Previous studies have demonstrated a central role for PINK1 in sensing mitochondrial damage to facilitate recruitment of an E3 ubiquitin ligase, PARKIN, to ubiquitinate mitochondrial proteins and target damaged mitochondria for autophagic degradation.15 However, the lack of alteration in cardiac structure and function with detection of normally functioning cardiomyocyte mitochondria in unstressed PARK2 null young adult mice (with loss of PARKIN)17, suggests redundancy with other ubiquitin ligases in their role in homeostatic mitochondrial autophagy in cardiac myocytes. Given our observations with accumulation of depolarized mitochondria with TRAF2 knockdown (Fig. 4), we tested the hypothesis that TRAF2, which is also an E3 ubiquitin ligase, plays an important role in autophagic removal of depolarized mitochondria in cardiac myocytes. We treated NRCMs with carbonyl cyanide m-chlorophenyl hydrazone (CCCP), an ionophore that provokes loss of mitochondrial membrane potential and targets mitochondria for autophagic degradation.15 Treatment with CCCP provoked progressive mitochondrial fragmentation with loss of mitochondrial potential-dependent mitotracker staining (pink, Fig. 5A) as described previously;14, 15 and increased co-localization of endogenous TRAF2 (red) with depolarized mitochondria (identified by COXIV, green; with co-localization in yellow, Fig. 5A).
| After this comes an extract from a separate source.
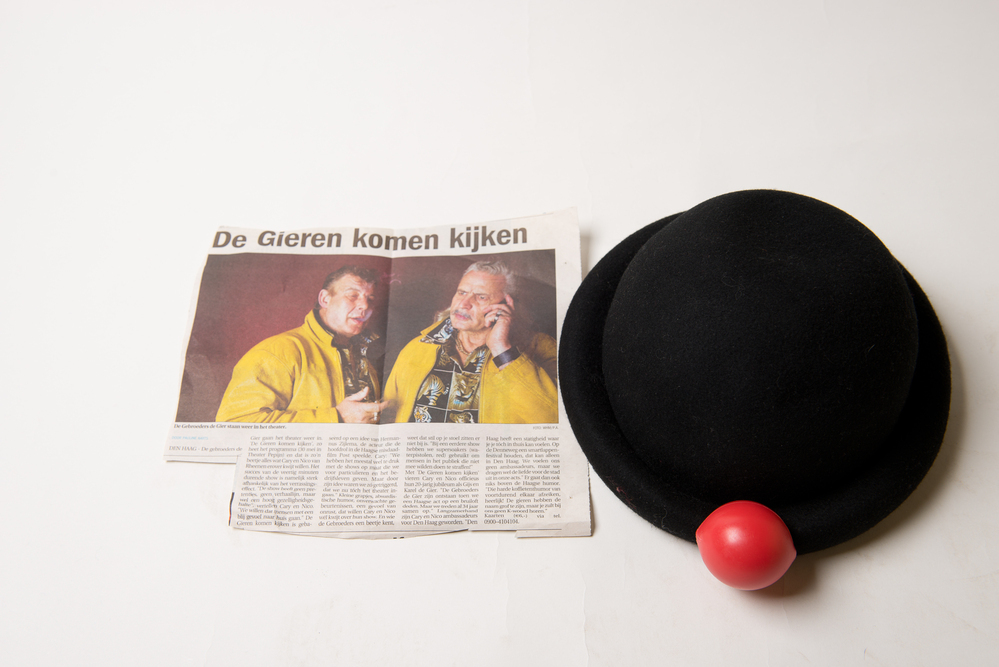 Het topstuk (hoed, clownsneus en foto) van Nico en Cary van Rheenen

Also, CCCP treatment provoked an increase in TRAF2 abundance in the mitochondria-enriched sub-cellular fraction paralleling a relative increase in mitochondrial PARKIN abundance (Fig. 5B). CCCP treatment provoked mitochondrial depolarization (Fig. 6A, B), and a decline in mitochondrial mass, as evidenced by a reduction in NAO fluorescence (Fig. 6C, D) with a trend towards reduced mitochondrial DNA content (Fig. 6E). Notably, all parameters were markedly increased with concomitant 3MA treatment indicating accumulation of CCCP-damaged mitochondria, when their autophagic removal is impaired. Importantly, TRAF2 knockdown also provoked an increase in depolarized mitochondria (Fig. 6A, B) with increased mitochondrial mass (assessed by NAO and mitochondrial DNA content; Fig. 6D-E) in CCCP-treated NRCMs, mimicking the effects of 3MA treatment. Taken together, these data indicate that TRAF2 plays an essential role in homeostatic removal of depolarized mitochondria in cardiomyocytes.
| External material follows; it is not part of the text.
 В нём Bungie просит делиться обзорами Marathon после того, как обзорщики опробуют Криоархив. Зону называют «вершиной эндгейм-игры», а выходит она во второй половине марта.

TRAF2 functions in concert with PARKIN to remove damaged mitochondria
Analogous to the observation that TRAF2 abundance is increased in the mitochondrial compartment with TNF stimulation (Fig. 1D, E, S2B) and in MHCsTNF hearts (Fig. 1H), TNF treatment also stimulates increased PARKIN abundance (Fig. S8A) and mitochondrial localization (Fig. S8B) in NRCMs, and MHCsTNF hearts have increased PARKIN levels (Fig. S8C) in the mitochondrial sub-fraction (Fig. S8D). Viewed together with the observation that both TRAF2 and PARKIN localize to the mitochondrial fraction with CCCP treatment (Fig. 5B), these data indicate that as observed with PARKIN,14 TRAF2 is also recruited to damaged mitochondria. Indeed, TRAF2 co-localizes with PARKIN on mitochondria in resting cardiomyocytes, presumably on damaged mitochondria (Fig. 7A, arrows; S9A); and this co-localization is markedly enhanced with CCCP treatment suggesting that TRAF2 and PARKIN are recruited together to depolarized mitochondria (Fig. 7A, S9A). Interestingly, previous studies suggest that PARKIN physically interacts with TRAF2 and ubiquitinates it independent of TRAF2’s endogenous E3 ubiquitin ligase activity, to activate TRAF2-mediated signaling.34 We have confirmed this physical interaction with a FRET assay employing a DsRed and AcGFP FRET pair-tagged TRAF2 and PARKIN, respectively (with controls in Fig. S9B). The interaction between TRAF and PARKIN is minimal in the resting state (arrows, Fig. 7B) and is markedly enhanced in presence of CCCP-induced mitochondrial depolarization (arrows, Fig. 7B), suggesting increased interaction between these proteins upon mitochondrial damage; which was confirmed via co-immunoprecipitation studies in the mitochondrial sub-fraction of CCCP-treated cells (Fig. S9C, D).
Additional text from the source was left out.